If I had to guess (and that is all this is, a guess), I would speculate that the cost of publishing Dungeon and Dragon magazine where considered a marketing expense. The goal was to promote gameplay and sell new product. Any revenue they made either helped offset the cost or was just considered gravy.
With DDI they can make the same marketing push but cut their expense drastically.
Um....You are aware that Paizo was paying WotC to publish those magazines? Far from being a source of expense, the magazines were a revenue stream.
When WotC decided to go DDI, it seems likely that offering the only official content as part of the DDI would be a smart move, and hence the online magazines. Not only that, but WotC knew that the Paizo magazines were doing better than they had been when WotC had produced them, so they allowed Paizo to complete their current AP in exchange for an agreement from Paizo not to produce a magazine for a set period of time. Hence the reason that the initial Pathfinder APs were emphatically not in magazine format, even though they used a subscription model.
Selling DDI subscriptions entails less risk, less outlay, and more profit than selling books.....or even minis. And all of the decisions around the release of 4e point directly toward the DDI.....including those that split the community.
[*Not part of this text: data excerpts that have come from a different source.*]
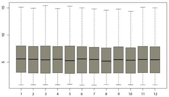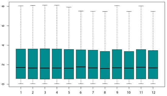 The fundamental morphometrical parameters were described using standard statistical measures, including minimum, maximum, first and third quartiles, median, and mean. The examination of individual frames within the recording demonstrated the method’s high efficacy, with results exhibiting only minor deviations from the average. Figure 6, Figure 7 and Figure 8 illustrate boxplots depicting the morphometrical characteristics of frazil ice floes, specifically surface area, perimeter, and circularity. These visuals affirm the method’s robustness and consistency in parameter readings.
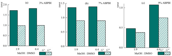 Dependence of the slope tangent of dynamic moduli in the low-frequency range on the MeOH:DMSO ratio, in solutions with a concentration of (a) 3, (b) 7, and (c) 9%.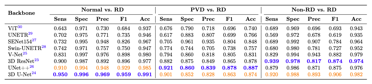 Table 1: Performance of models on three retinal detachment (RD) classification tasks: Normal vs. RD, PVD vs. RD, and Non-RD vs. RD. Metrics include sensitivity (Sens), specificity (Spec), precision (Prec), F1-score (F1), and accuracy (Acc). Models are sorted in ascending order based on sensitivity for the Normal vs. RD task. The best-performing model based on sensitivity for each task is shown in bold blue, and the second-best is highlighted in orange.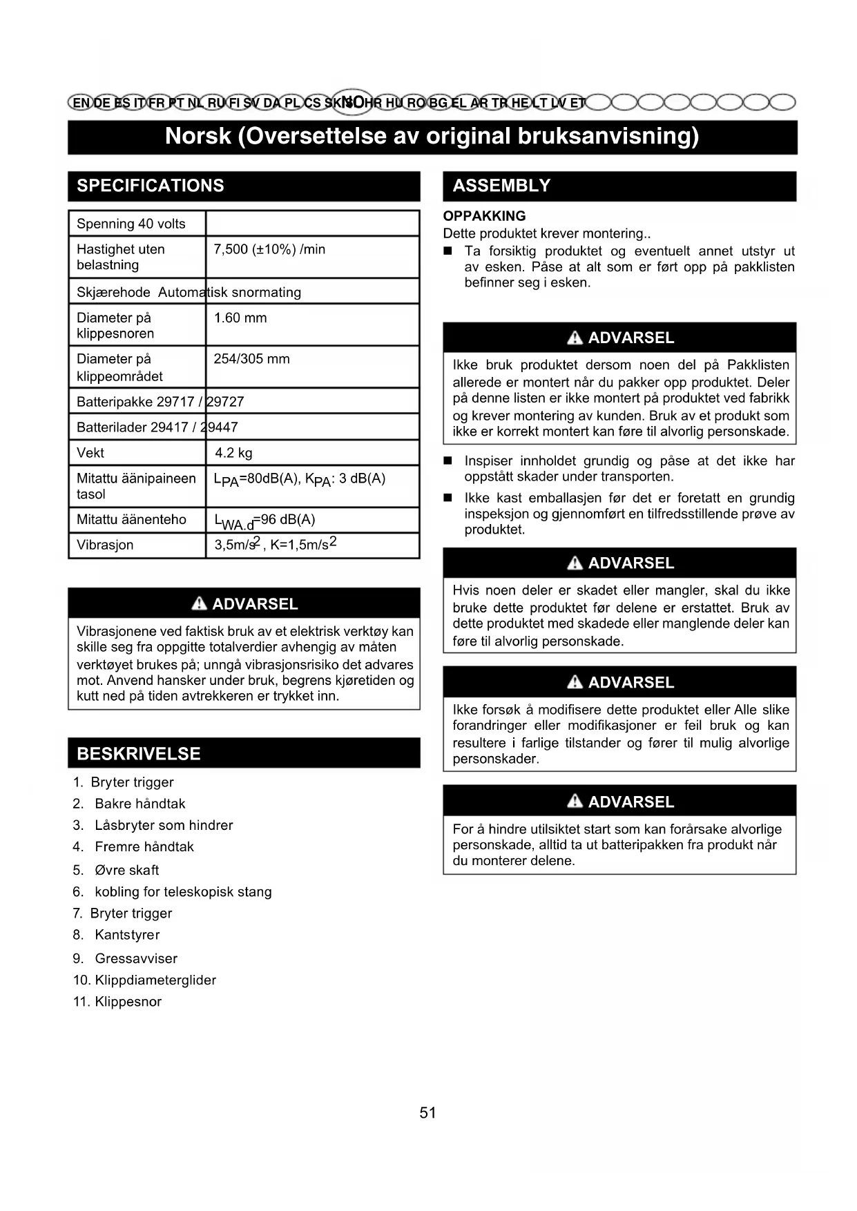 ASSEMBLY OPPAKKING Dette produktet krever montering.. Ta forsiktig produktet og eventuelt annet utstyr ut av esken. Påse at alt som er ført opp på pakklisten befinner seg i esken. ADVARSEL Ikke bruk produktet dersom noen del på Pakklisten allerede er montert når du pakker opp produktet. Deler på denne listen er ikke montert på produktet ved fabrikk og krever montering av kunden. Bruk av et produkt som ikke er korrekt montert kan føre til alvorlig personskade. Inspiser innholdet grundig og påse at det ikke har oppstått skader under transporten. Ikke kast emballasjen før det er foretatt en grundig inspeksjon og gjennomført en tilfredsstillende prøve av produktet. ADVARSEL Hvis noen deler er skadet eller mangler, skal du ikke bruke dette produktet før delene er erstattet. Bruk av dette produktet med skadede eller manglende deler kan føre til alvorlig personskade. ADVARSEL Ikke forsøk å modisere dette produktet eller Alle slike forandringer eller modikasjoner er feil bruk og kan resultere i farlige tilstander og fører til mulig alvorlige personskader. ADVARSEL For å hindre utilsiktet start som kan forårsake alvorlige personskade, alltid ta ut batteripakken fra produkt når du monterer delene. 51Norsk (Oversettelse av original bruksanvisning)

Frankly, it might be better (read: more profitable) for WotC to offer a DDI that serves all editions than it is to sell more books of any one edition. But this is only true for TSR-D&D so long as you
need the DDI because the books aren't out there, because the systems are simple enough that you don't need character builders, monster builders, or encounter builders to play those games. This could even come in the form of seperate initiatives so as to avoid confusion (which is where this idea could lose revenue!). Older editions might even have a higher price-point under such a scheme.
Or, at least, that is my understanding of it.